L’Amour des Trois Oranges

Dossier : Arts, Lettres et SciencesMagazine N°629 Novembre 2007Par : François Le Roux, Sandrine Piau, Sir Willard White, Orchestre Philharmonique de Rotterdam, Stéphane Denève,Rédacteur : Marc DARMON (83)

Coffret du DVD L'amour des trois orangesLes opéras de Serge Prokofiev ne sont pas la par­tie la plus célèbre de son œuvre. Naturelle­ment, la décou­verte de ce com­pos­i­teur, réelle­ment pas­sion­nant, doit débuter par quelques bal­lets (Roméo et Juli­ette, Cen­drillon), Sym­phonies (les n°1, 3, 5 et 7) et concertos.

Par­mi ses nom­breux opéras, sor­tent du lot et sont absol­u­ment à con­seiller l’Ange de Feu (entière­ment con­stru­it sur le matériel musi­cal de la troisième sym­phonie) et l’Amour des Trois Oranges (dans un style musi­cal plus « sim­ple »).
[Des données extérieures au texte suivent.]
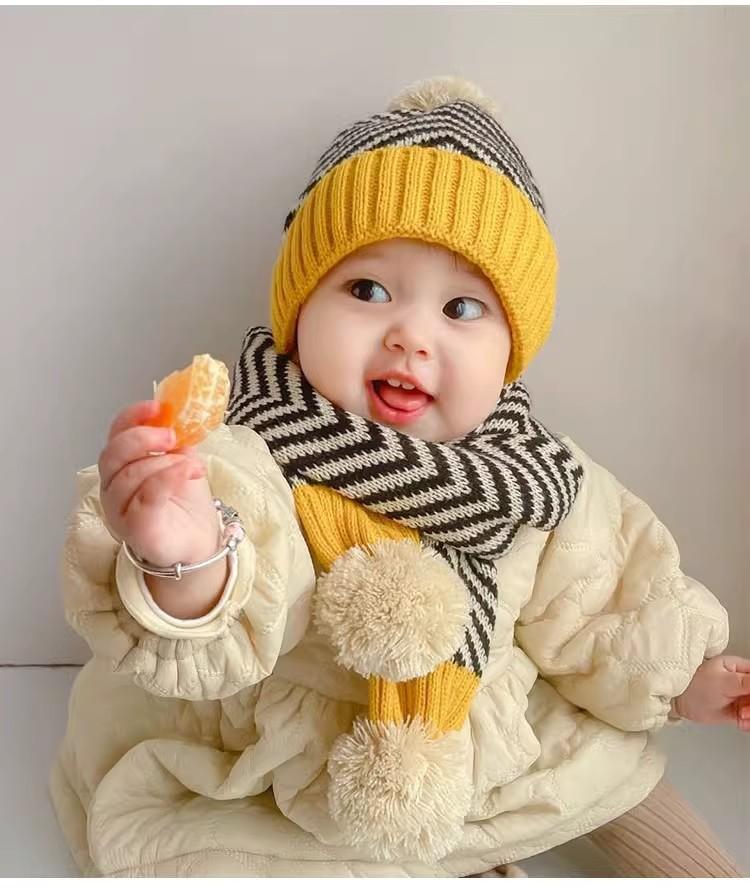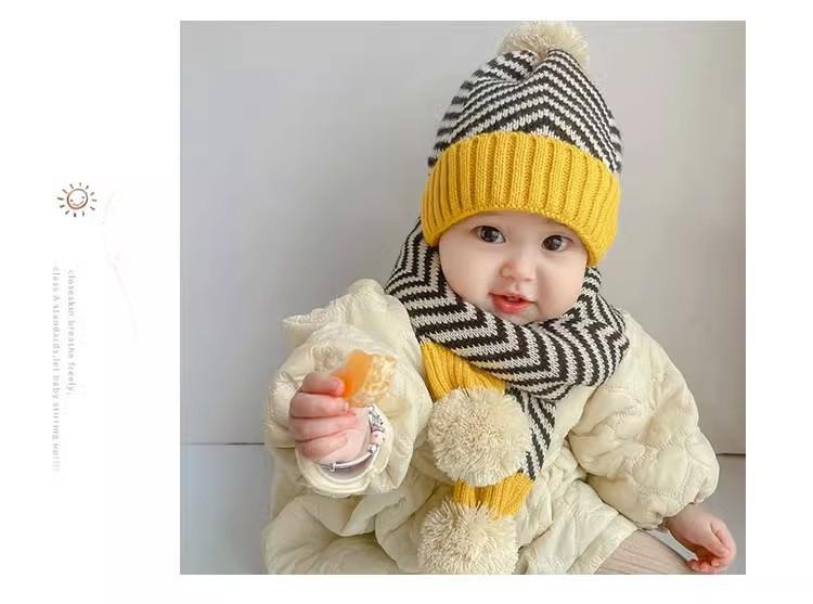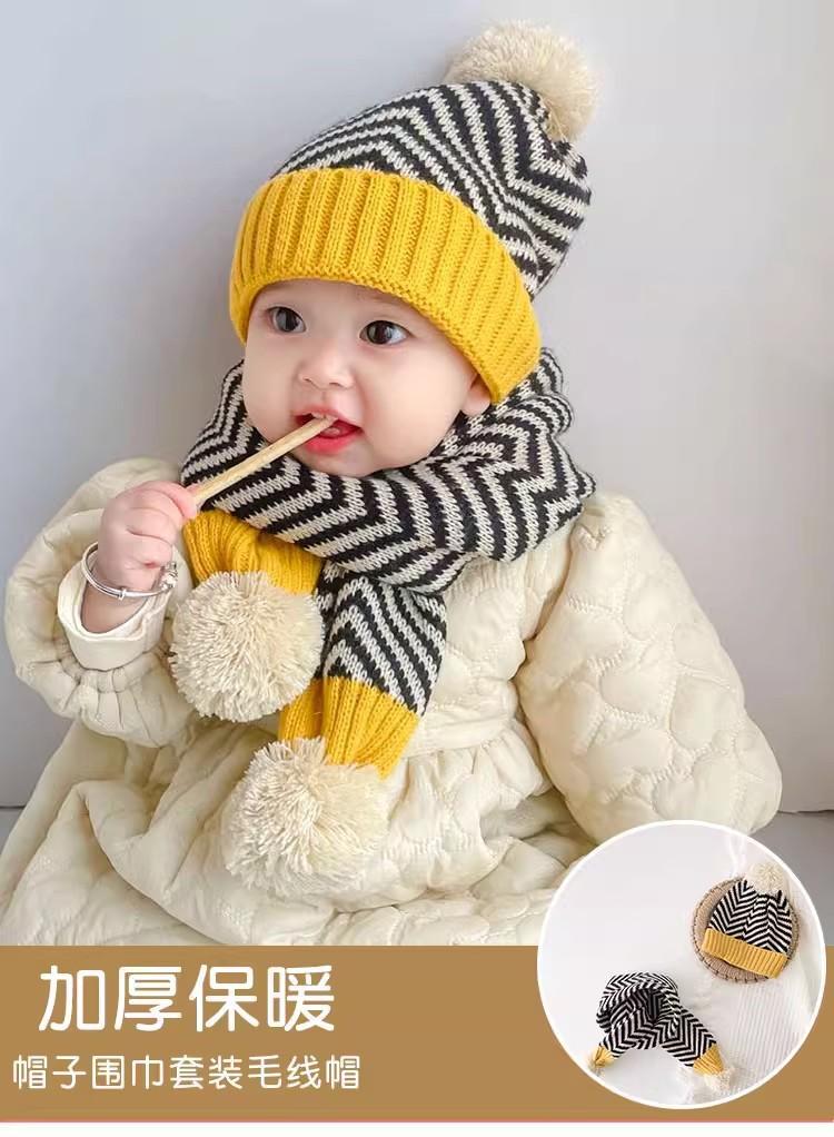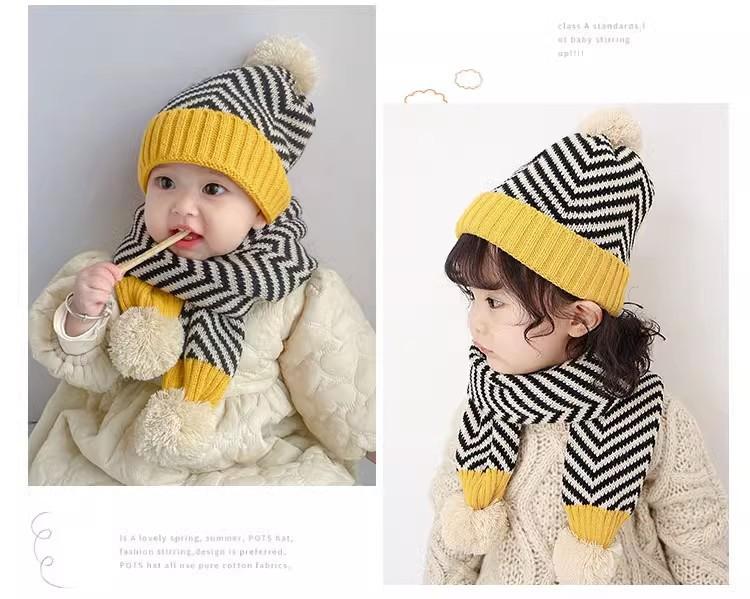 Bufanda cálida de invierno para niños, otoño e invierno, para hombre y mujer, conjunto de dos piezas de bufanda y gorro de lana de punto para niños, venta al por mayor
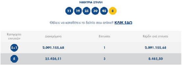 Έτσι, ο τυχερός παίκτης, που έπαιξε ΤΖΟΚΕΡ μέσω διαδικτύου, κέρδισε συνολικά 2.108.126 ευρώ.
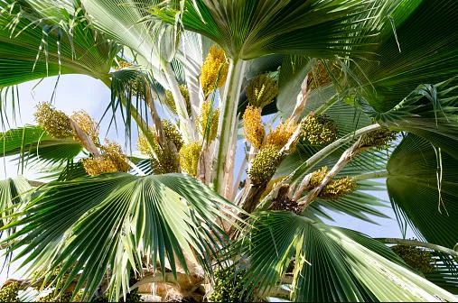 - Q: Does this palm produce fruit? A: Yes, mature Fiji Fan Palms produce small, round, dark fruits. These are generally not considered edible for humans but are part of the palm’s natural reproductive cycle.
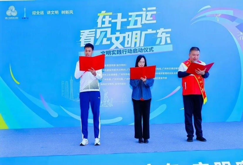 文明是城市最美的风景,也是迎接四海宾朋最好的礼仪。今年4月,“迎全运讲文明树新风”广州市“文明迎全运”百场主题实践活动在广州市文化馆启动。活动现场,全国道德模范赵广军、中国好人陈晓霞等先进典型代表共同发起“文明迎全运”倡议,号召广大市民群众以文明之姿迎接全运盛会。
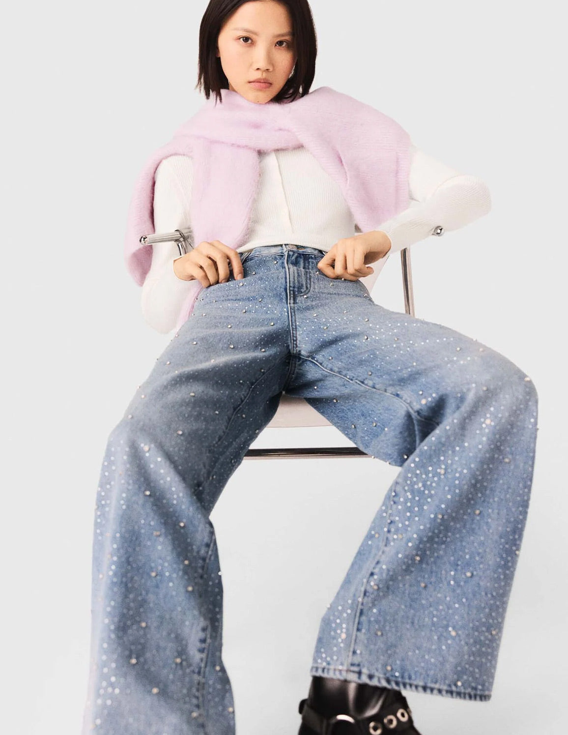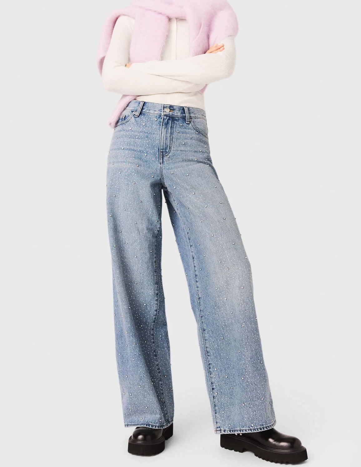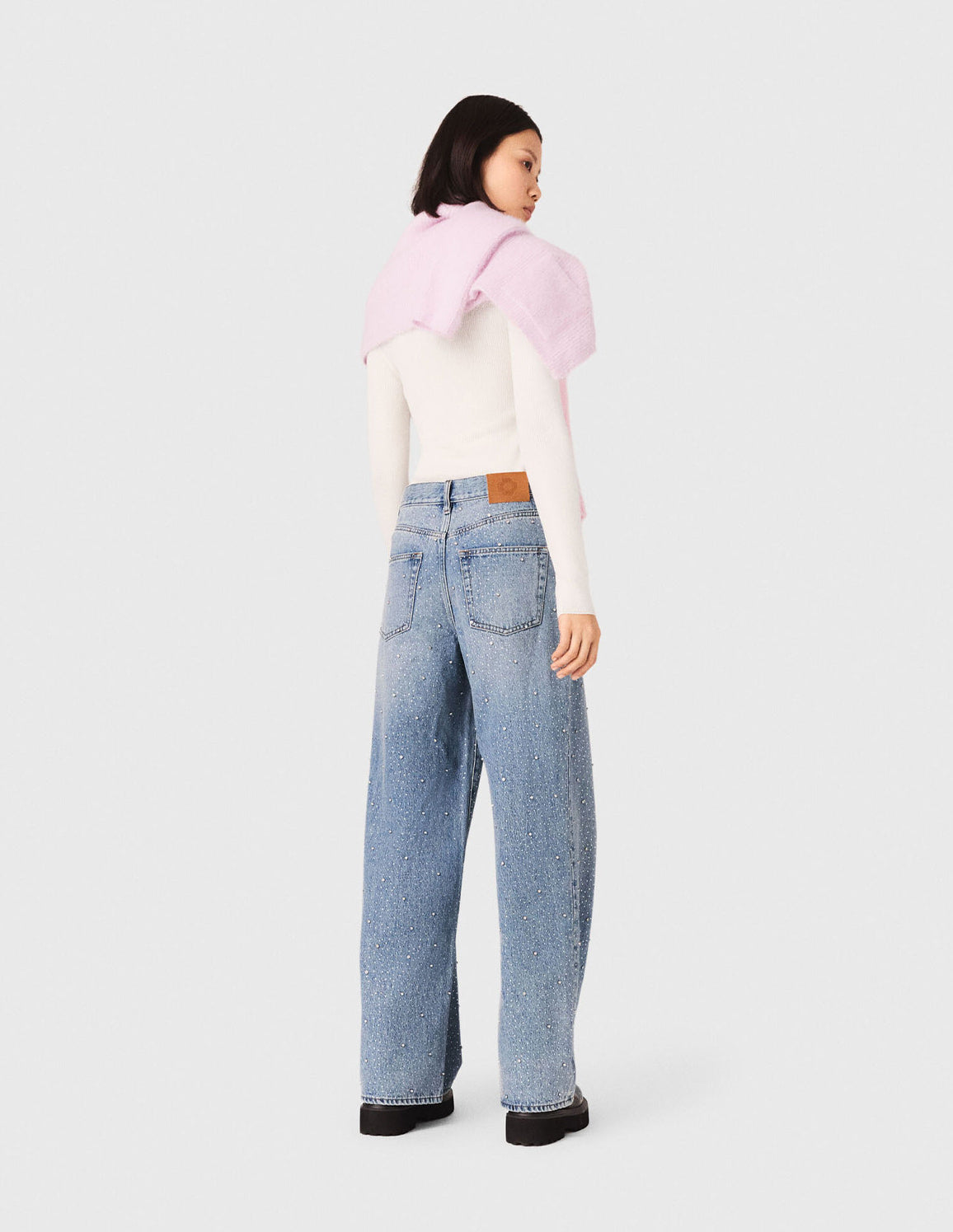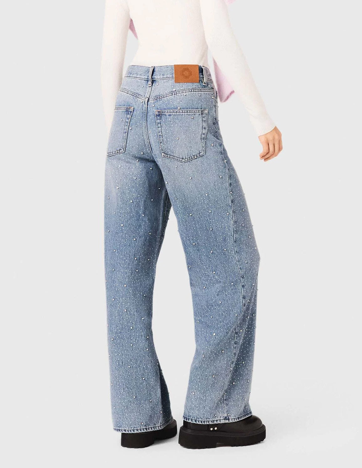 • These wide-leg, 100% cotton denim jeans stand out with sparkling all-over rhinestones, blending iconic style with contemporary sparkle. Their high-waisted cut structures the silhouette, while the signature patch on the back completes the look.
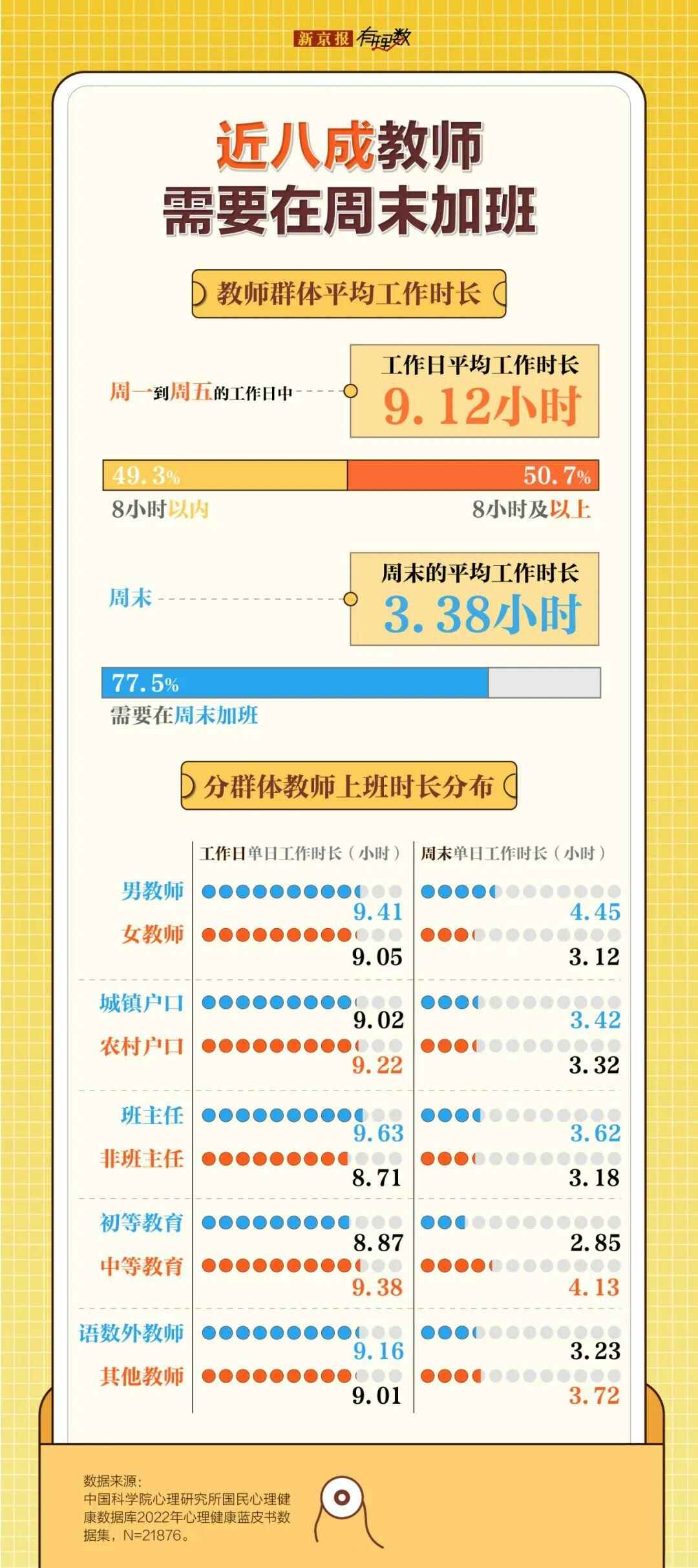 《2022年中小学教师心理健康状况调查报告》显示,我国中小学教师每周的平均工作时长为52.36小时,超出法定工作时间12.36小时。当前教师在课后服务、 作业设计和管理、作业批改、学业辅导以及家校沟通等方面的工作量加大,尤其是班主任教师,工作日每日的工作时长接近10小时。
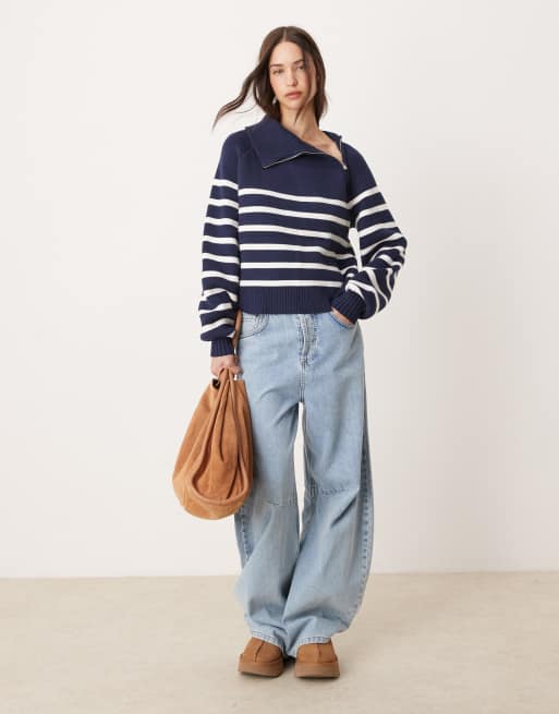 Pimkie - Asymmetrische oversized trui met strepen en kraag met rits in wit en marineblauw
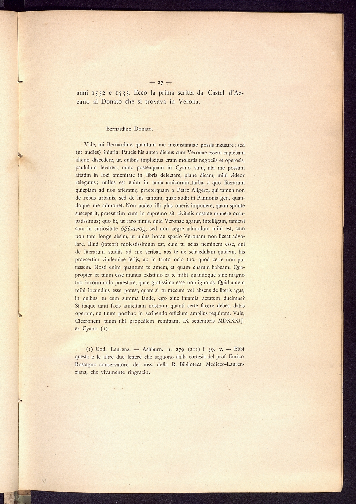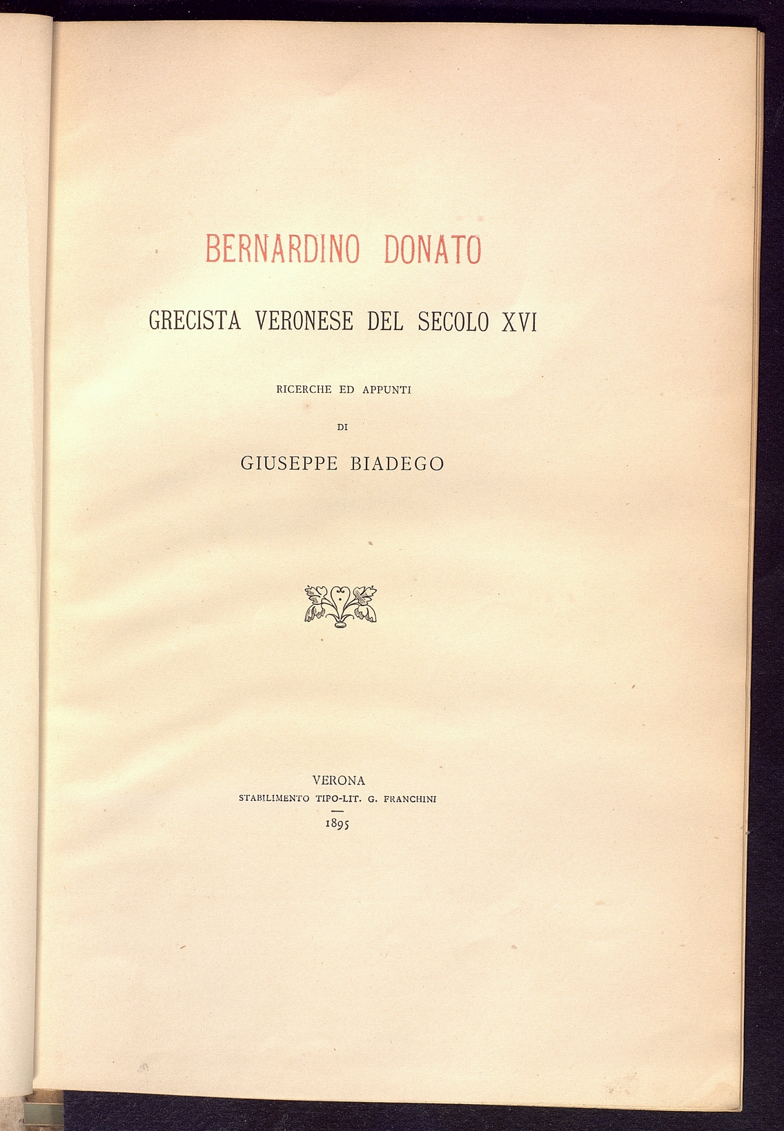 Titolo: Bardino Donato grecista veronese del secolo XVI

Ils fig­urent assuré­ment, avec les grands opéras de Strauss, Janacek, Brit­ten et Puc­ci­ni (bien sûr), par­mi les opéras du XXe siè­cle qui sur­vivront au temps. Il existe une ver­sion française, tra­duc­tion de Prokofiev lui-même, de l’Amour des Trois Oranges. Cette ver­sion a le grand mérite pour le spec­ta­teur fran­coph­o­ne de per­me­t­tre une bonne com­préhen­sion des dia­logues, sinon de l’histoire elle-même absol­u­ment irra­con­table et sans queue ni tête. En effet, basé sur un con­te de Car­lo Gozzi (1720–1806), le livret réal­isé par Prokofiev, pour une com­mande de l’Opéra de Chica­go de 1919, entremêle plusieurs intrigues, intro­duit des per­son­nages féeriques et de la Com­me­dia dell’arte, pour attein­dre un niveau de loufo­querie rarement vu à l’Opéra.

À cela s’ajoute, dans cette pro­duc­tion en français, la mise en scène et les cos­tumes de Lau­rent Pel­ly et les décors de Chan­tal Thomas. Comme tou­jours (citons en DVD Platée de Rameau et trois grands opéras-comiques d’Offenbach), les mis­es en scène de Lau­rent Pel­ly sont pleines de trou­vailles, humoris­tiques ou dra­ma­tiques, qui se suc­cè­dent avec un rythme effréné, tout en gar­dant une per­spec­tives cohérente. Ici, dans un univers de cartes à jouer, la cocasserie de la mise en scène surenchérit sur l’invraisemblance du livret.

Musi­cale­ment, c’est par­fait. L’orchestre est bril­lant et aérien, très impres­sion­nant dans les pas­sages sans chants (dont la célèbre Marche). Les chanteurs, sou­vent français, sont absol­u­ment dans le style et s’intègrent remar­quable­ment dans l’univers de Gozzi, la musique imag­i­na­tive de Prokofiev et la direc­tion d’acteur « déjan­tée » de Pelly.